家は立派な一軒家で、庭には犬小屋があり、ゴールデンレトリバーが気持ち良さそうに寝ていた。
「へー、元治の家、結構でかいんだな」
「へへへ、良いだろう! ほら、そこにも鯉のぼりが揚がってんだろ?」
そこには一際目立つ、デカイ鯉のぼりが風を泳いでいた。
「元治って、意外とお坊っちゃまだったんだな」
「意外とってなんだ、コノヤロー」
3匹の鯉のぼりが仲良く泳いでいるのを、龍乃心は物珍しそうに眺めていた。
「そもそも何の為に、鯉のぼりってやるんだ?」
「それは…」
質問された元治は、言葉に詰まってしまった。
理由は簡単、元治は何も知らないからだ。
「なんだ…元治も別に詳しいワケじゃないんだな」
「うるせーなコノヤロー、生臭い鯉のぼりしようとしてた奴に言われたかねーんだ!」
元治かいつものようにギャーギャー騒いでいると、玄関の扉が開いた。
「うるさいわよ、元治! ご近所にご迷惑がかかるでしょ! 帰ったんなら、さっさと中に入りなさい!」
中から元治の顔に似た、しかし美人と言えなくもない女性が出てきた。
「か、かーちゃん、出てきていきなり怒る事ぁねーだろ!」
どうやら元治はお母さんに弱いらしく、若干及び腰になっていた。
「この人が元治のお母さん…?」
「あら、そこにいる子っていつも元治が話してた…」
「そうそう、ロンドンから来た明空!」
「いや、別にロンドンを強調しなくても良いだろう」
「あらー、噂に違わず中々の美形ね♪ やっぱりクォーターは違うわね!」
「えっと…その、噂って言うのは…?」
「明空君、お母さん達の間で話題になってるのよ、カッコいい子が転校してきたって!」
「はぁ…そうなんですか」
何やら、龍乃心の知らない所でえらく評判が広まってしまっているらしかった。
なるべく平穏に日々過ごしたいと思っている龍乃心にとっては、どんどん真逆の方向に進んでしまっている事実は、かなり複雑なモノだった。
「で、明空君を連れて、一体どうしたのよ?」
「明空に五月人形を見せてやりたくてさ! 明空、まだこっちに来たばかりで見た事無いんだよ」
「成る程、そういう事ね! じゃあ中に入って入って」
元治程ではないが、どこか落ち着きが無い母親は二人に、中に入る様促した。
「ほら、明空! これが五月人形だよ!」
元治が指差す先には、大層立派な兜が仰々しく飾られていた。
「…カッコいいなこれ…! 」
珍しく明空が目を輝かせて五月人形を眺めていた。
「ロンドンではこういうの無いのか?」
「いや…多分無い。
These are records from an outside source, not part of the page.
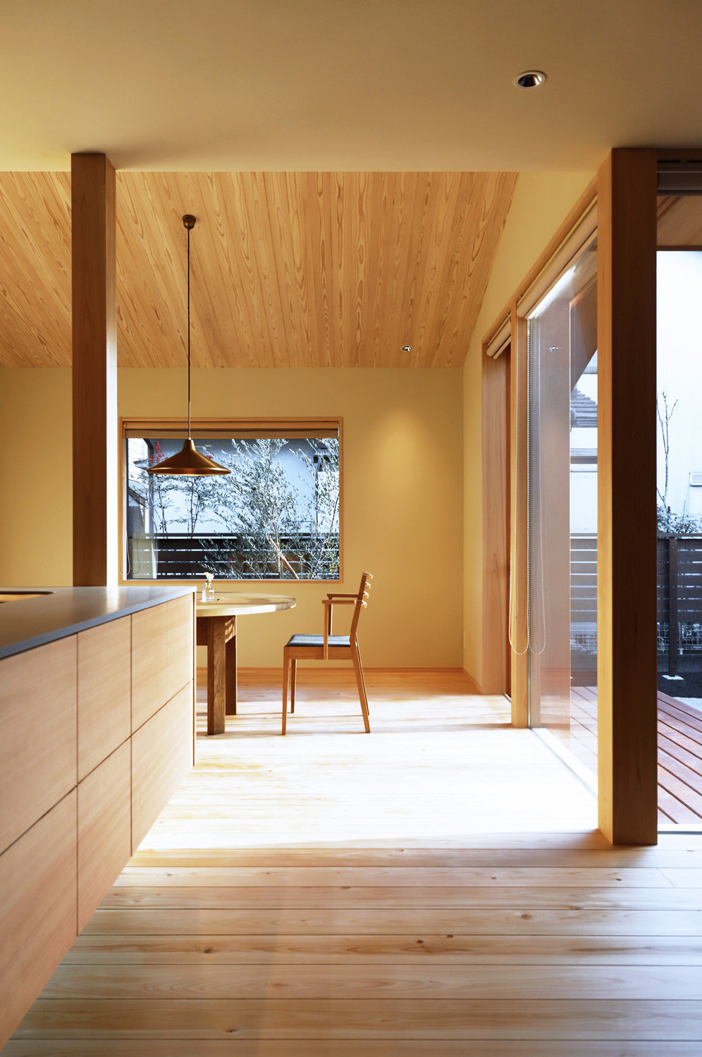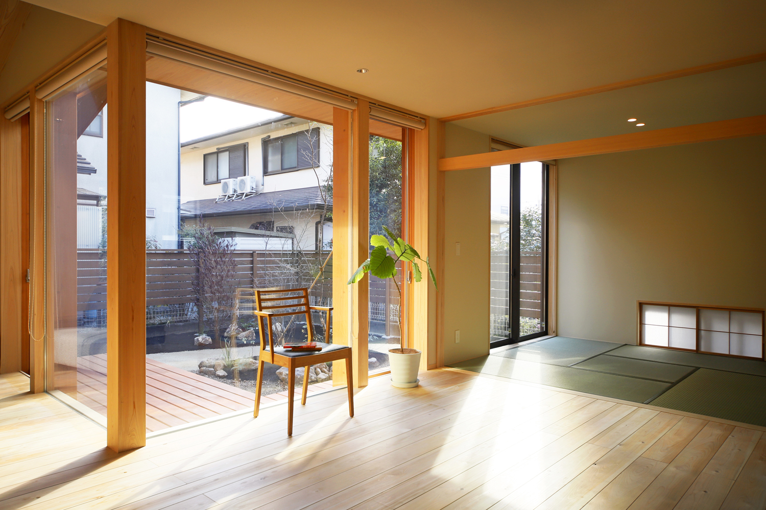 長年の生活の中で熟知した陽の射し方や風の抜け方をお聞きし、間取りに反映させています。木製サッシを使い、庭を囲みこむように配置したLDKは、自然や緑の心地よさが感じられる場所となりました。
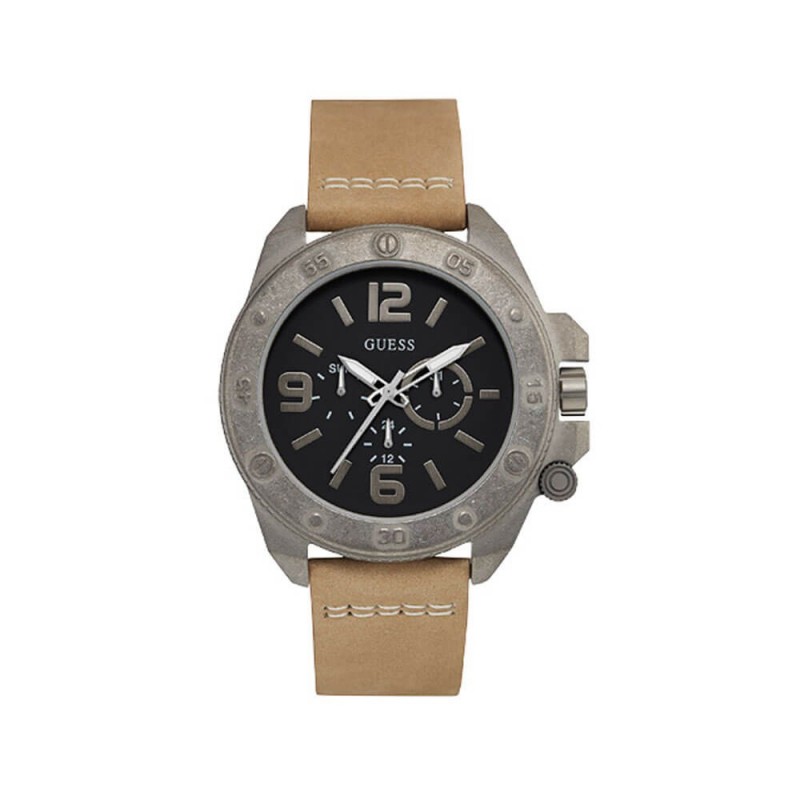 Montre-bracelet pour homme Guess only time, collection Viper Newness Early-Spring, boîtier (46 mm) en acier satiné, cadran noir, multifonction, bracelet en cuir beige, diamètre du boîtier 46 mm, étanchéité jusqu'à 30 mètres
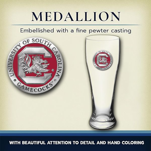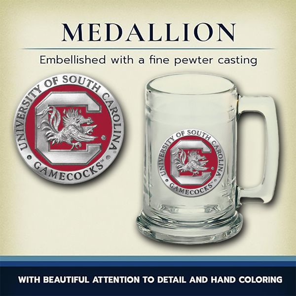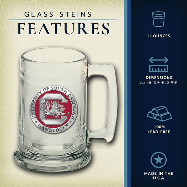 The Beer Chest Set comes with 2 - 20oz glass pilsners and 2 - 15oz glass steins. Each have a pewter medallion of your favorite NCAA team embellished to it.
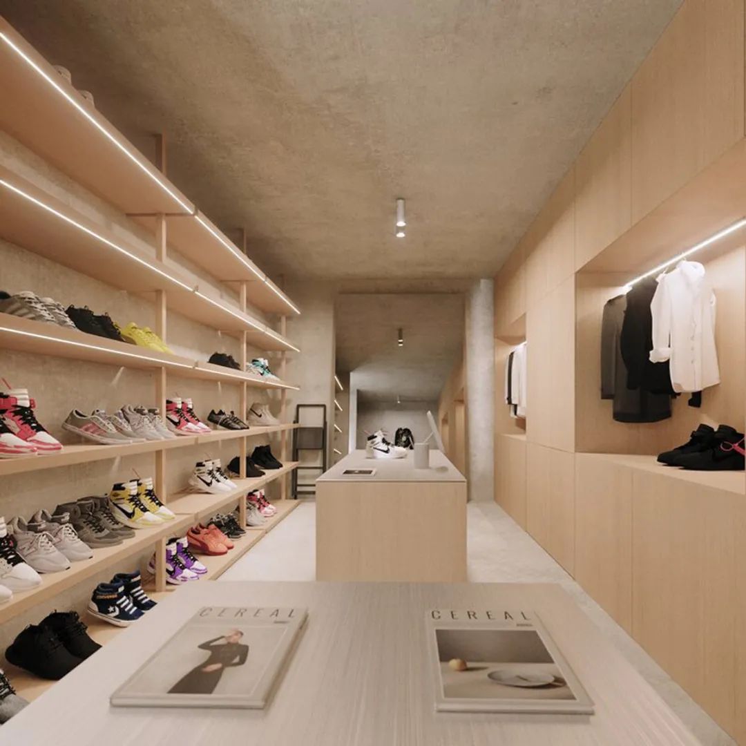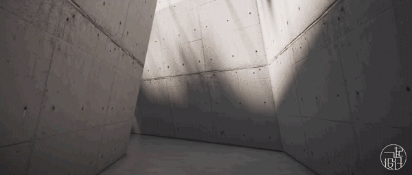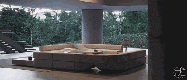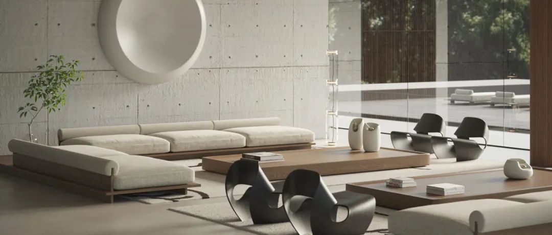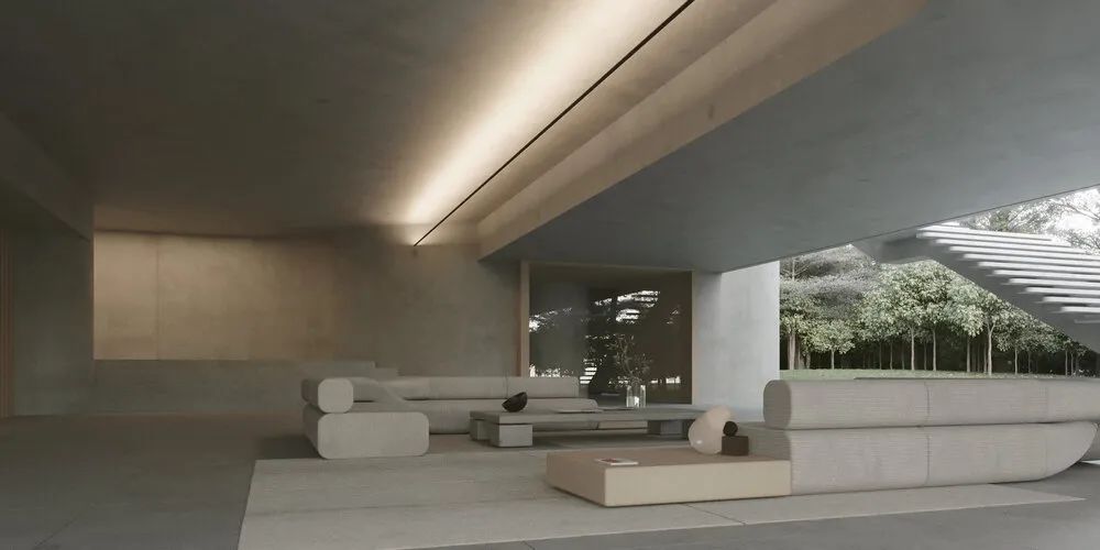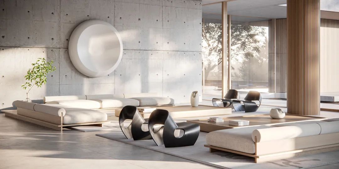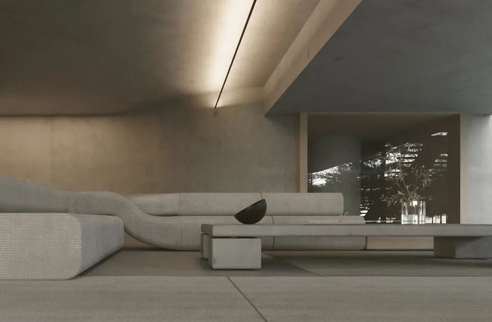 混凝土墙面以及天花板构造出开阔的尺度,两个 L 型沙发对立而设,简约之中包含着满满的设计感。

こんなにカッコいい分化が日本にあったなんて…。これって何のために飾るんだ?」
「えっと…それは…」
「男の子の健やかな成長を祈願して、飾るものよ!」
「健やかな成長…か…」
「ん? どうした明空」
「いや…なんでもない…」
何かを思い出したのか、龍乃心は急に物思いに更ける様子で五月人形を眺めていた。
「俺…じいちゃんの期待通りに成長できてんのかな…」
「ん? なんか言ったか?」
「…なんでもない」
「お前、さっきからそればっかりだな!」
「そうか?」
龍乃心の見つめる先に何があるのかは誰にも分からない。